An electrifying suite for soprano and contemporary consort comprised of eleven discrete selections, Golijov leaps time and place, spanning the medieval to today, Spain to Palestine. Channeling past and present, the composer layers a kaleidoscope of form and colour on an at times earthy, at times ethereal canvas shimmering with legends and parables, ballads and anthems.
Something of a signature piece for Khalil who has sung Ayre in six different cities, Buenos Aires to Toronto via Banff; Ottawa; Rockport, Massachusetts and Victoria, the acclaimed Canadian soloist raised as a child in Damascus was every bit as abundantly invested in the material as when last seen locally at the Ismaili Centre in November 2016. Perhaps even more charged with energy, in fact, more impelled by the physical implications of music and texts.
Partnered by a compelling if eccentric eleven-player ensemble — percussion, accordion, harp and electronic laptop sampler included — the stage virtually crackled with energy, musicians and singer visibly sparking off one another as they powered through a blistering range of hyper emotion.
Gathering the mounting anticipation around her, Khalil flung herself into the opening number, Mañanita de San Juan (Morning of St. John’s Day), a wry, darkly entertaining Sephardic folktale.
The second in a pair of introductory songs written in Ladino, an ancient Judeo-Spanish language, Y Una Madre Comió Asado (A Mother Roasted Her Child) yielded an abrupt change of pace, wrapping the hall in stillness and paradox. Set to an exquisitely delicate Andalusian melody, the distinctly disquieting lullaby inspired by the prophet Jeremiah’s anguish on witnessing the Babylonian destruction of Jerusalem simultaneously mesmerized and unsettled. Sinking to her knees in a pose of unrestrained grief, Khalil became every mother of every slaughtered son throughout the ages, a deeply touching testament to the monstrousness of war.

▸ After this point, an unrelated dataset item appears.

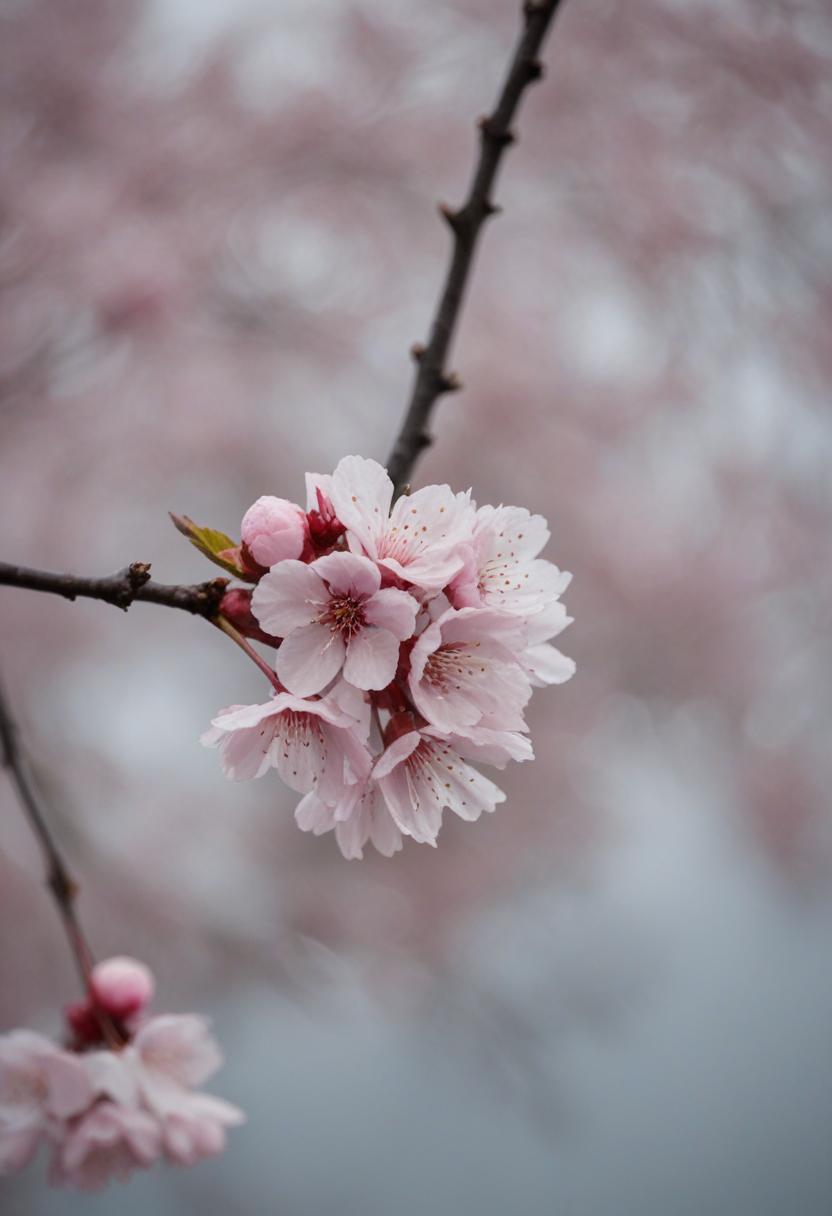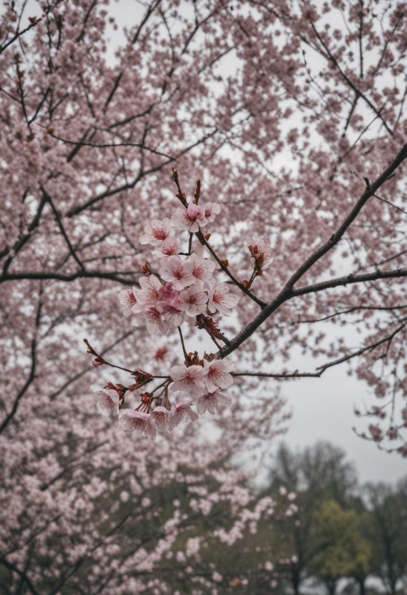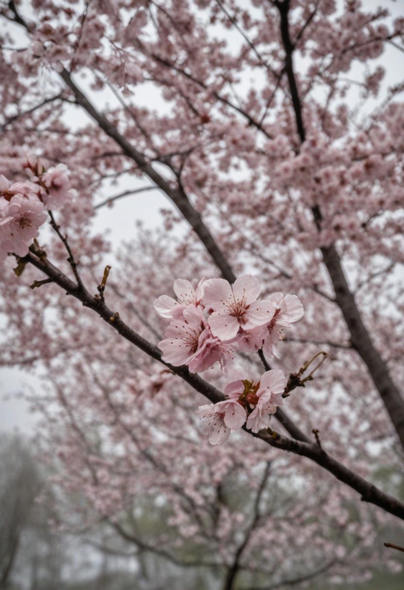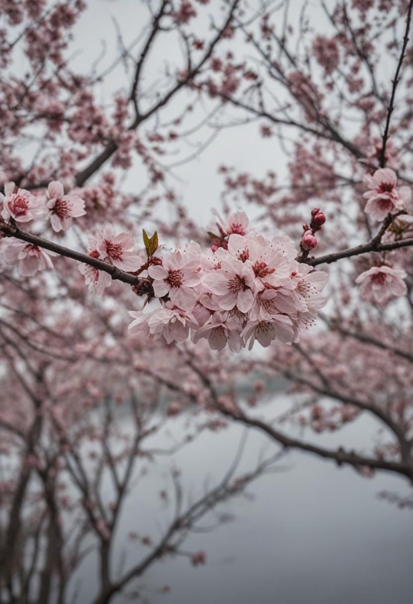 51. A serene midshot of cherry blossoms under a cloudy, overcast sky, exuding calm and quiet beauty.

An air of timelessness and universality breathed life into a good number of other selections on offer during the evening, perhaps nowhere more evident than in Golijov’s incendiary arrangement of a traditional 18th century Sardinian protest song, Tancas Serradas a Muru (Walls Are Encircling the Land). Originally intended as a bitter commentary on the formidable West Bank security perimeter, the simmering rage of a single rough voice railing against power and oppression, a pulsing, incendiary orchestral motif driving the speaker forward, resonated far beyond any narrow, purely historical context.
So too the twinned voices of Palestinian laureate Mahmoud Darwish, verses extracted from the closing stanzas of his poignant exile poem, Kun Li-Guitari Wataran Ayyuha Al-Maa’ (Be a String, Water, to My Guitar), and medieval Jewish poet Yehudah Halevy “dialoguing across time”, in the composer’s words, Arabic and Hebrew movingly overlaid. Yah, Anna Emtzacha (Oh, Where Shall I find You?), Khalil sung-chanted, doubling herself by way of clever pre-recorded playback, summoning the eternal, boundless pain of lost identity.
Concluding with a gentle, lyrical blend of traditional and original Sephardic melodies, Ariadna en su Laberinto (Ariadne in Her Labyrinth), Golijov’s long sumptuous lines of undulating melisma translated into a swirl of interpretative Middle Eastern-sourced movement, Khalil danced into the final fade out.
Concert producer Against the Grain Theatre has gifted Toronto with a decade of startlingly memorable presentations, the last, it often feels, more impactful than the preceeding. Resonance is, of course, largely the property of the heart. But timeliness is quite another matter. This soaring, expressly dramatic Ayre spoke to both perspectives. For a brief shining moment on an endlessly rainy winter’s night, the dream of al-Andalus lit up the darkness.